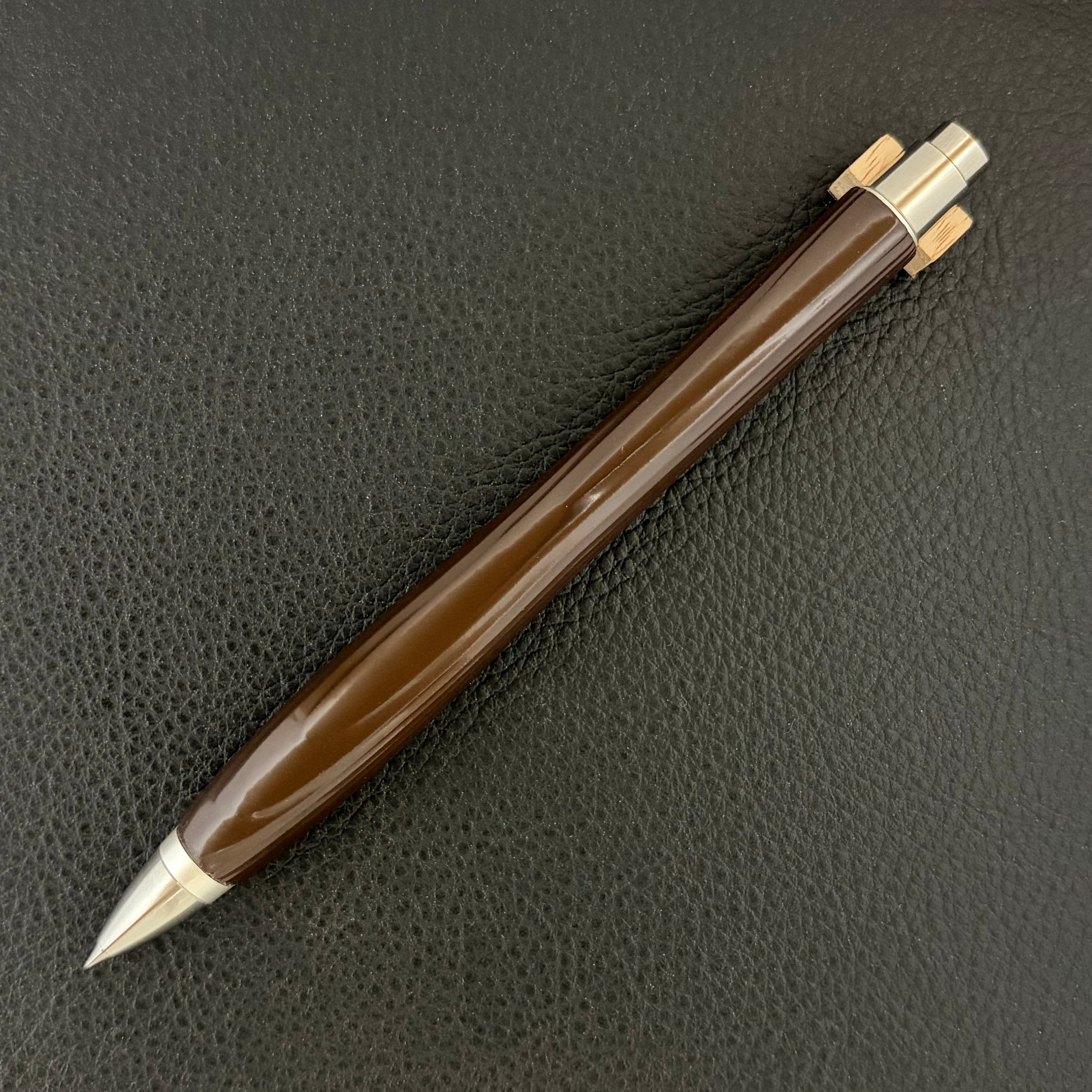 ボールペンのノックシステムは、ドイツ最高のクリックメカニズムを採用してあります。このメカニズムはユニークな機構のため、クリックしたときのカチカチ音が静かで、どんな場所でも気兼ねなく使うことができます。滑らかに動くこのプッシュ感覚を一度味わうと他には戻れなくなってしまうほどの魅力があります。 100分の1単位の加工精度で削り出されたペン先は、軸ブレも全くありません。
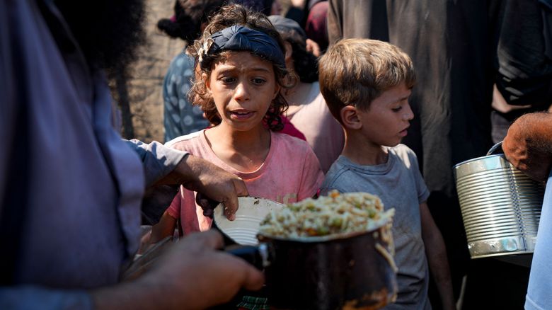 ▲ 가자지구 중부 데이르 알발라에서 음식을 나눠받고 있는 팔레스타인 어린이들
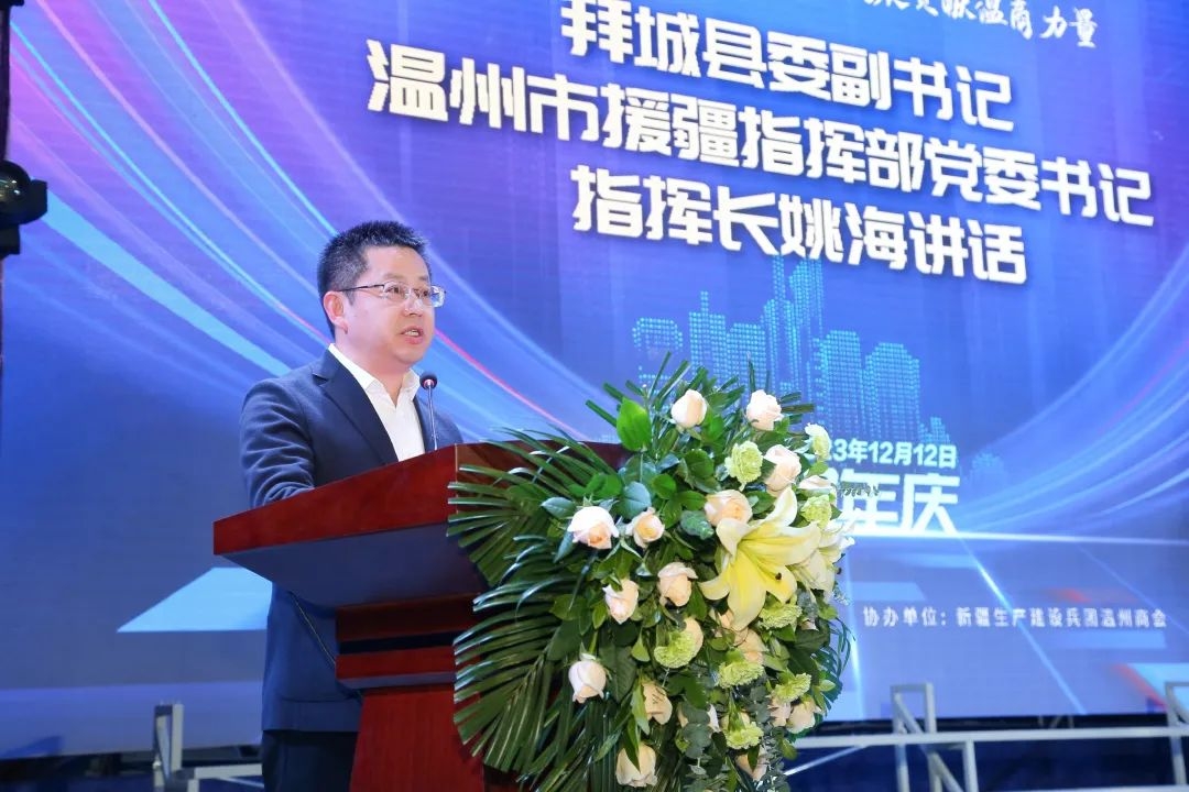 拜城县委副书记、温州市援疆指挥部党委书记、指挥长姚海在讲话中对新疆温州总商会的建设成绩给予了高度评价。他希望新疆温州商会能够始终把服务好温商作为工作的出发点和落脚点,积极帮助会员企业开拓市场、解决难题、维护权益,使商会真正成为在疆温商的温馨港湾;广大温商企业勇于创新、开拓进取,全力把企业做大、做强、做长久;情系家乡、情暖天山,全力推动温商温企温资参与援疆事业,促进两地经济互动发展、融合发展。
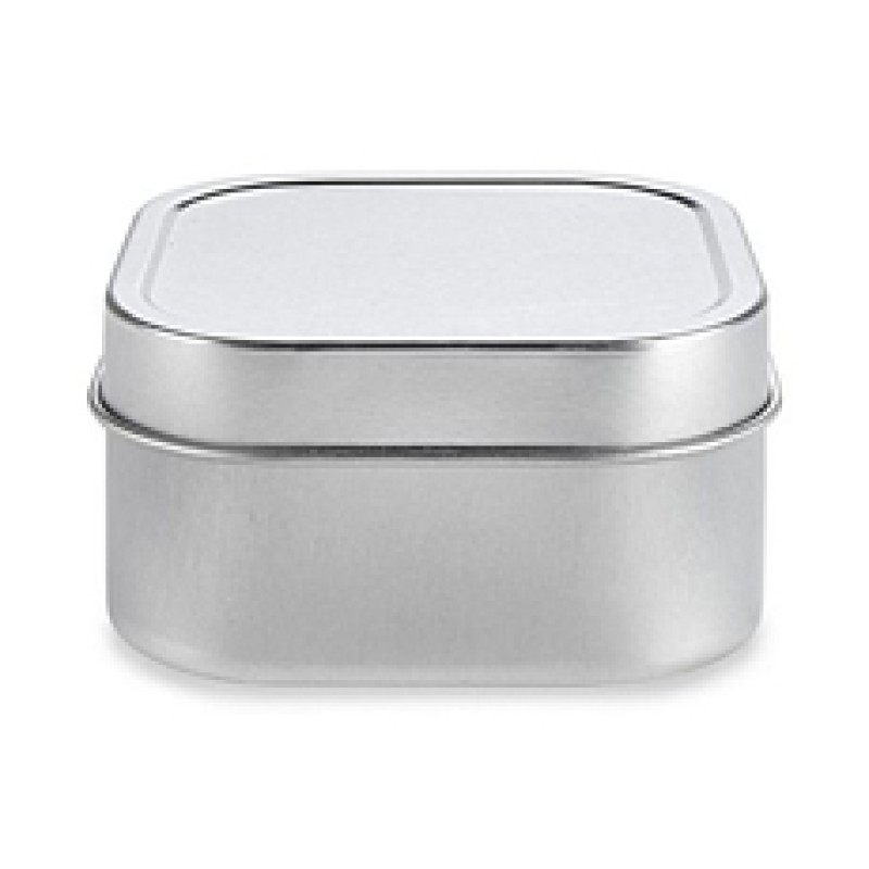 Each 4 oz (120 ml) square tin-plated steel Metal Tin comes with slip cover lids. Our tins can be used for a variety of applications from candle and cosmetic to candies and mints. All tins have rolled edges. As always, be sure to test these tins with your products for proper compatibility.

[Assignment] Reproduce exactly, and only, the lines that begin at the one containing "拜城县委副书记、温州市援疆指" and end with the final line of the data, both included, while omitting every picture.

[Response to this task]
 拜城县委副书记、温州市援疆指挥部党委书记、指挥长姚海在讲话中对新疆温州总商会的建设成绩给予了高度评价。他希望新疆温州商会能够始终把服务好温商作为工作的出发点和落脚点,积极帮助会员企业开拓市场、解决难题、维护权益,使商会真正成为在疆温商的温馨港湾;广大温商企业勇于创新、开拓进取,全力把企业做大、做强、做长久;情系家乡、情暖天山,全力推动温商温企温资参与援疆事业,促进两地经济互动发展、融合发展。
 Each 4 oz (120 ml) square tin-plated steel Metal Tin comes with slip cover lids. Our tins can be used for a variety of applications from candle and cosmetic to candies and mints. All tins have rolled edges. As always, be sure to test these tins with your products for proper compatibility.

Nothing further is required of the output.